Prompt
Take nothing but the lines from the one with "Tema 1 de la" through the one with "Elegant 13x4 Lace" in the entries below, both ends kept, and return them exactly with pictures left out.

Data provided
BEGIN
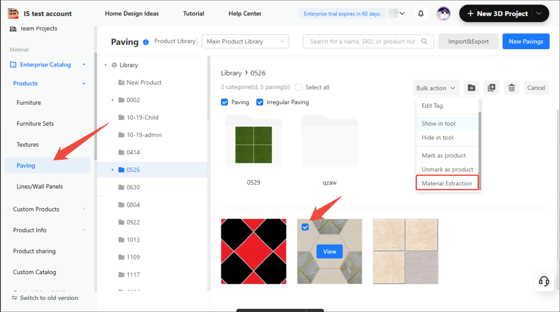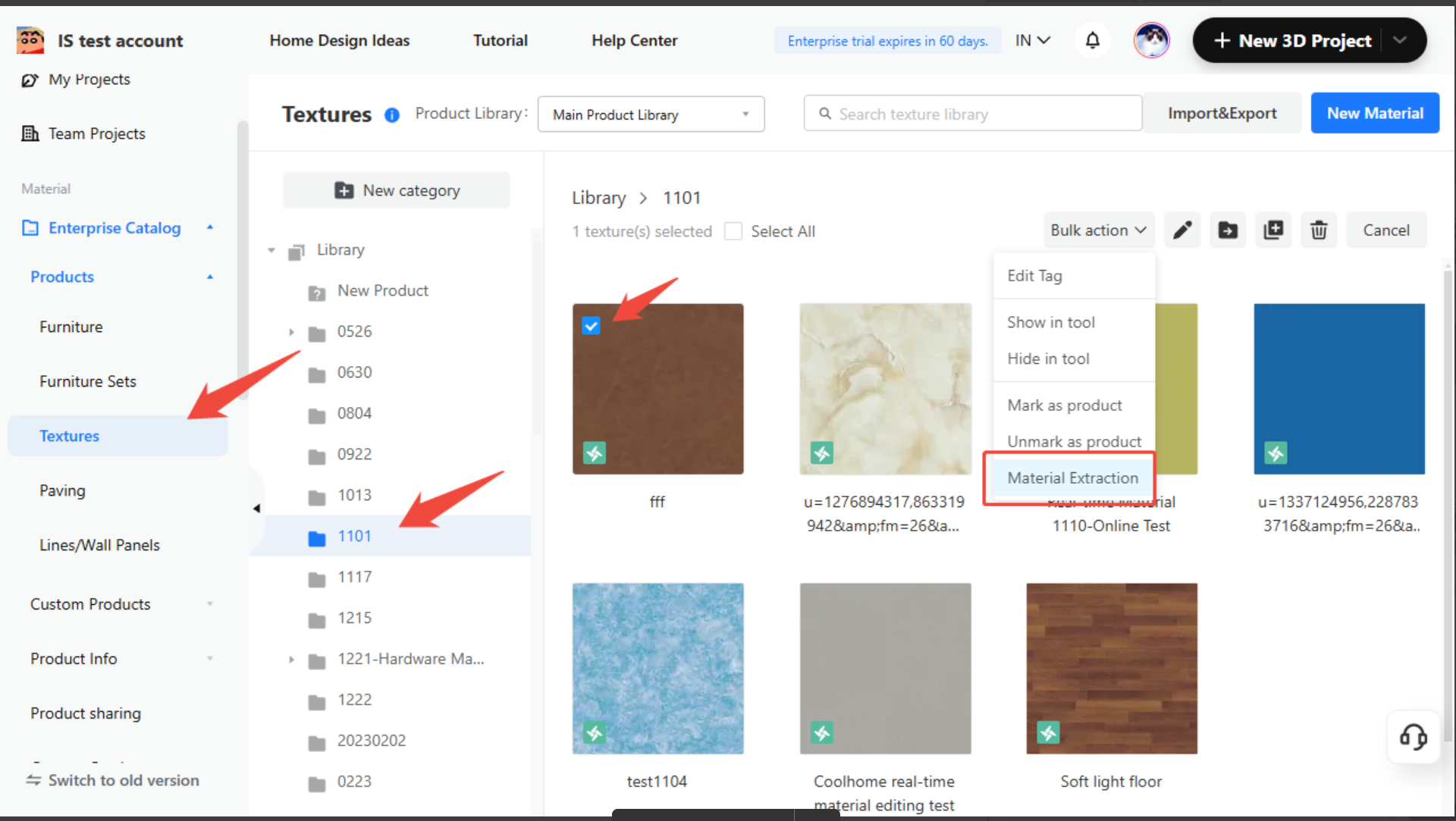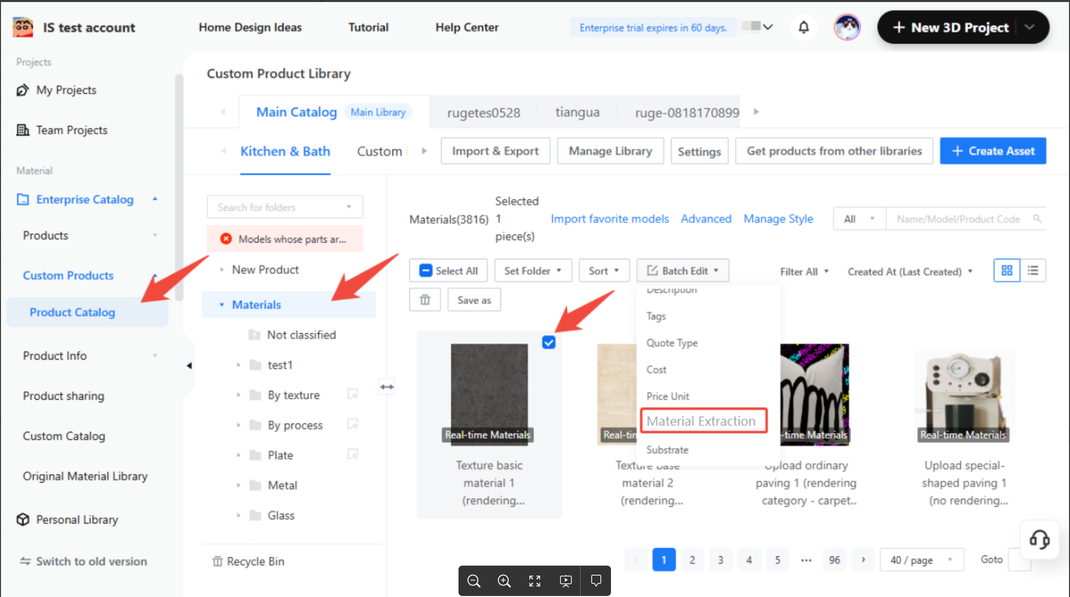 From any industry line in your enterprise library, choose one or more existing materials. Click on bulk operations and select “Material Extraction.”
END
BEGIN
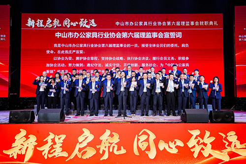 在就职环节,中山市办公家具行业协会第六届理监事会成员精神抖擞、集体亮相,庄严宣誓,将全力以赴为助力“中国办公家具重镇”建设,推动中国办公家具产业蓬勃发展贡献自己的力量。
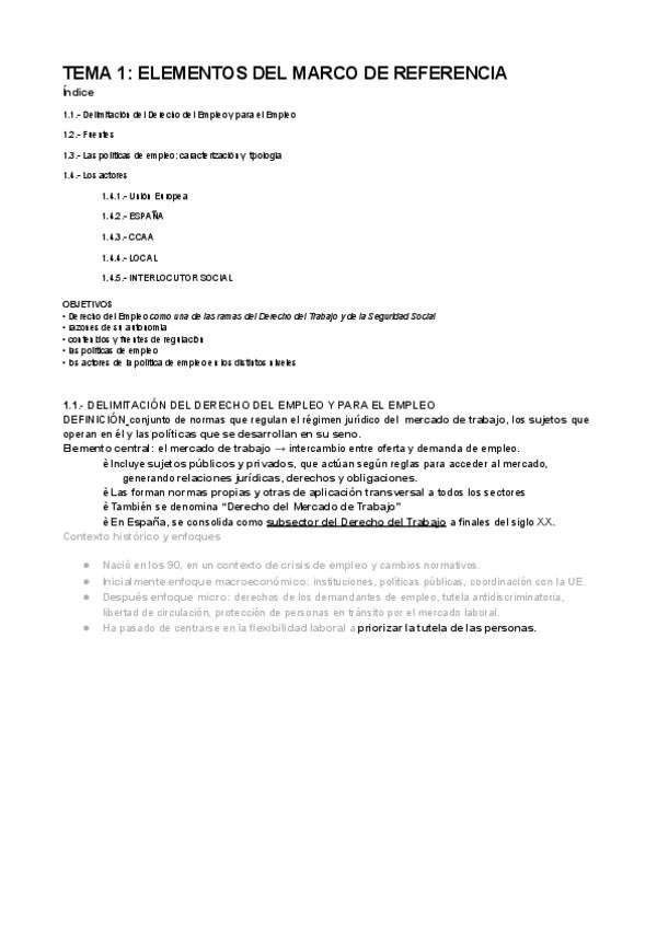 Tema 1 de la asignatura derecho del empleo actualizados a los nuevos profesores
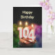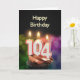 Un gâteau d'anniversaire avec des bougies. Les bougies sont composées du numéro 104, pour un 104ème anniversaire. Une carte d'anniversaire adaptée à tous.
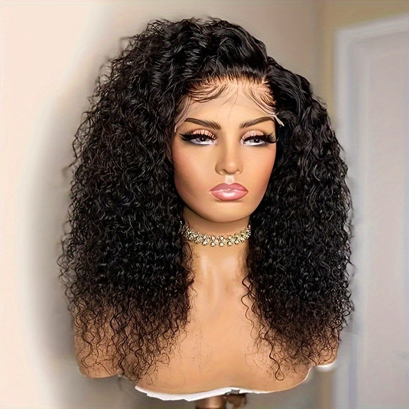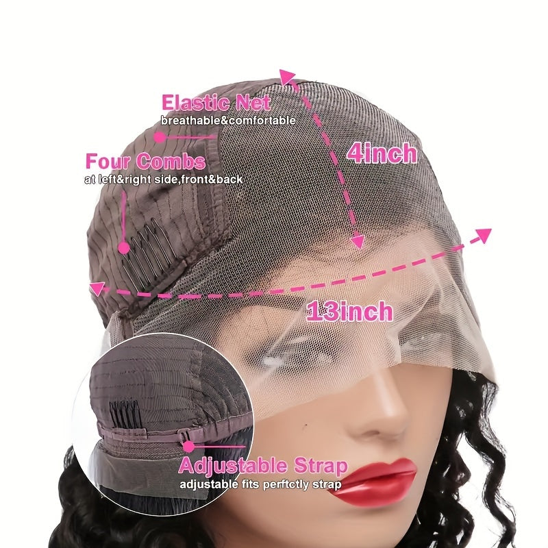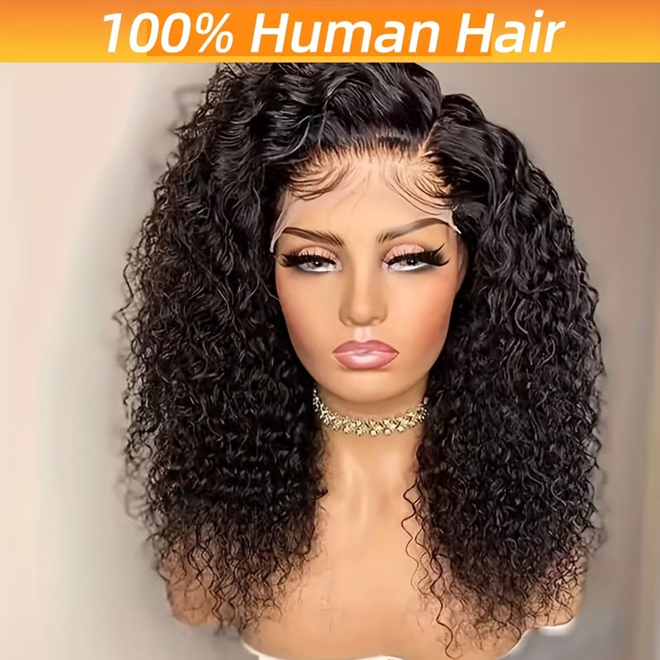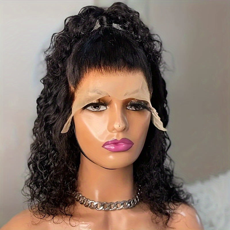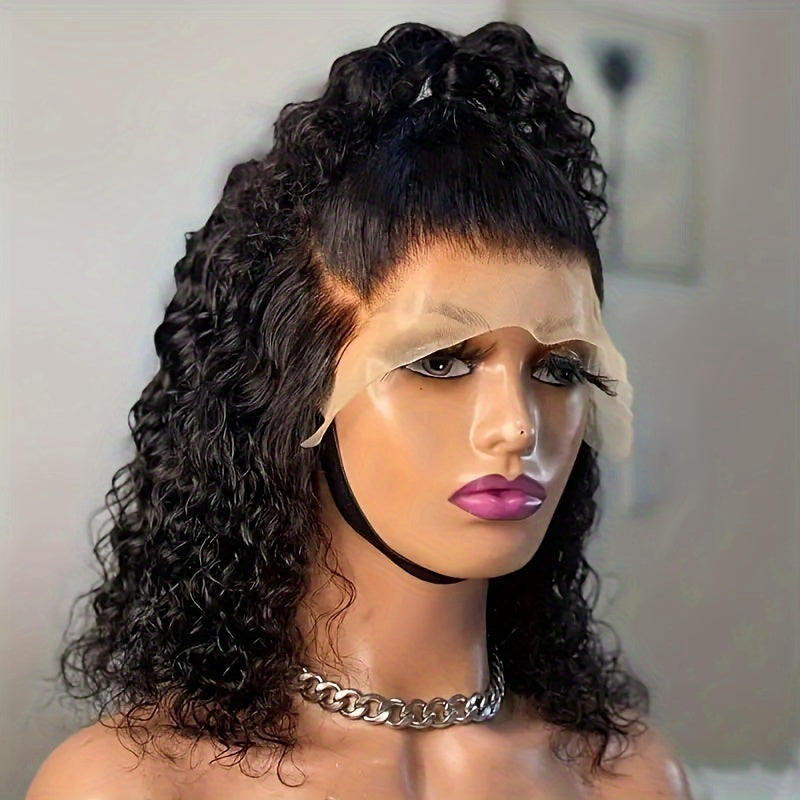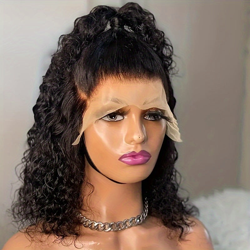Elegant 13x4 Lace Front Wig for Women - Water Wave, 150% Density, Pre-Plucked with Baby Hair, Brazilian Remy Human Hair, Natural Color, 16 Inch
END
BEGIN
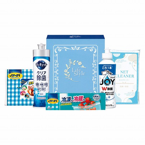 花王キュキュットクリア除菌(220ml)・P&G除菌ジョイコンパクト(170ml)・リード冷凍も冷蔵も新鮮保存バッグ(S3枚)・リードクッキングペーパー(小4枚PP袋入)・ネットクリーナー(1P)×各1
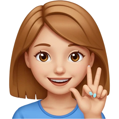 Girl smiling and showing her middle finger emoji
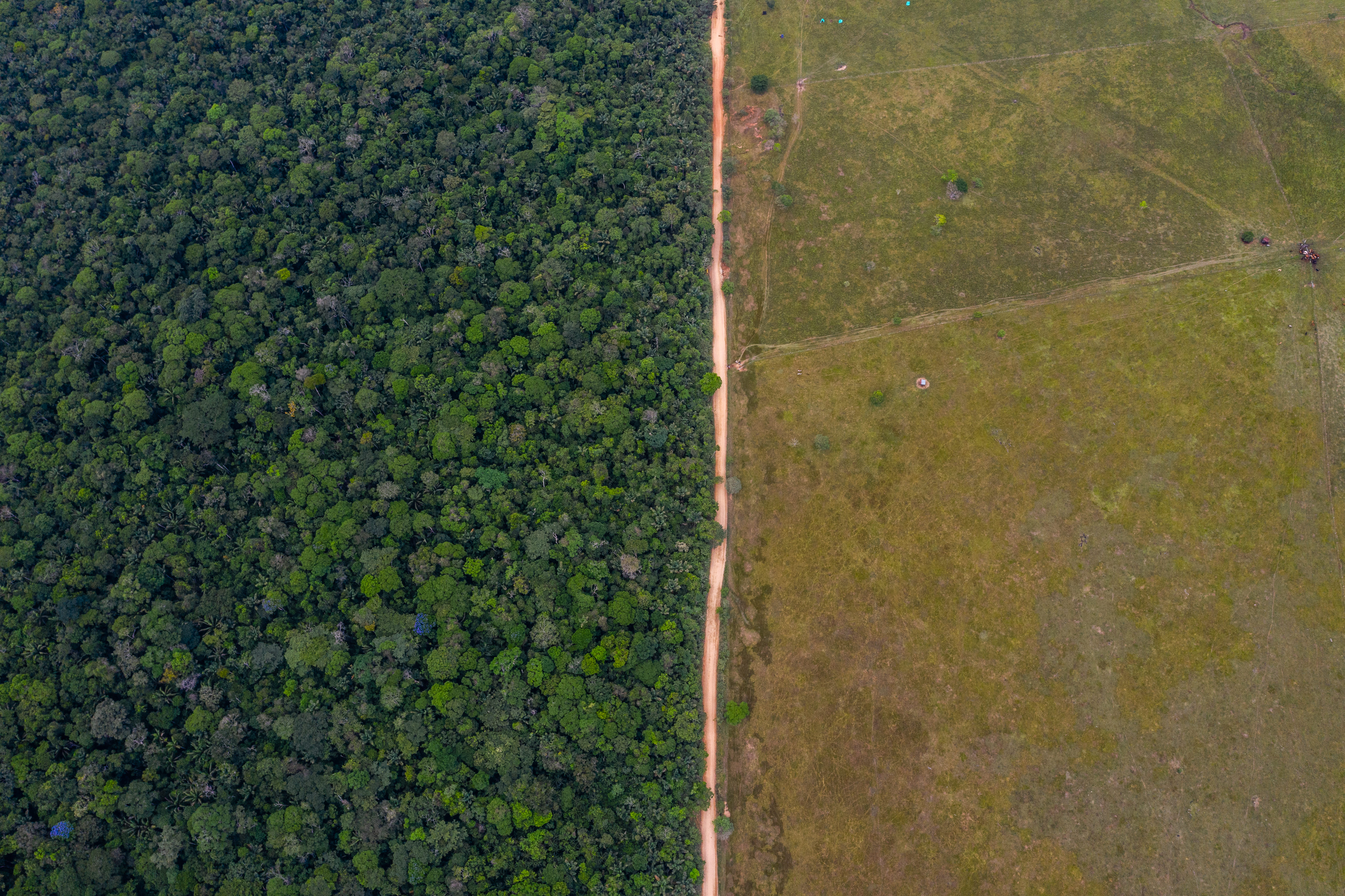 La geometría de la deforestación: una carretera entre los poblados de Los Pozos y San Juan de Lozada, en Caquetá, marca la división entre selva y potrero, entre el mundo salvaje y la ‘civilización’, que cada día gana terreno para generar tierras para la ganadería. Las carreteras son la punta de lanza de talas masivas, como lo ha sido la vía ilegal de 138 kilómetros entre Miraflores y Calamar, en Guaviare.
END
Exercise solution
 Tema 1 de la asignatura derecho del empleo actualizados a los nuevos profesores
 Un gâteau d'anniversaire avec des bougies. Les bougies sont composées du numéro 104, pour un 104ème anniversaire. Une carte d'anniversaire adaptée à tous.
Elegant 13x4 Lace Front Wig for Women - Water Wave, 150% Density, Pre-Plucked with Baby Hair, Brazilian Remy Human Hair, Natural Color, 16 Inch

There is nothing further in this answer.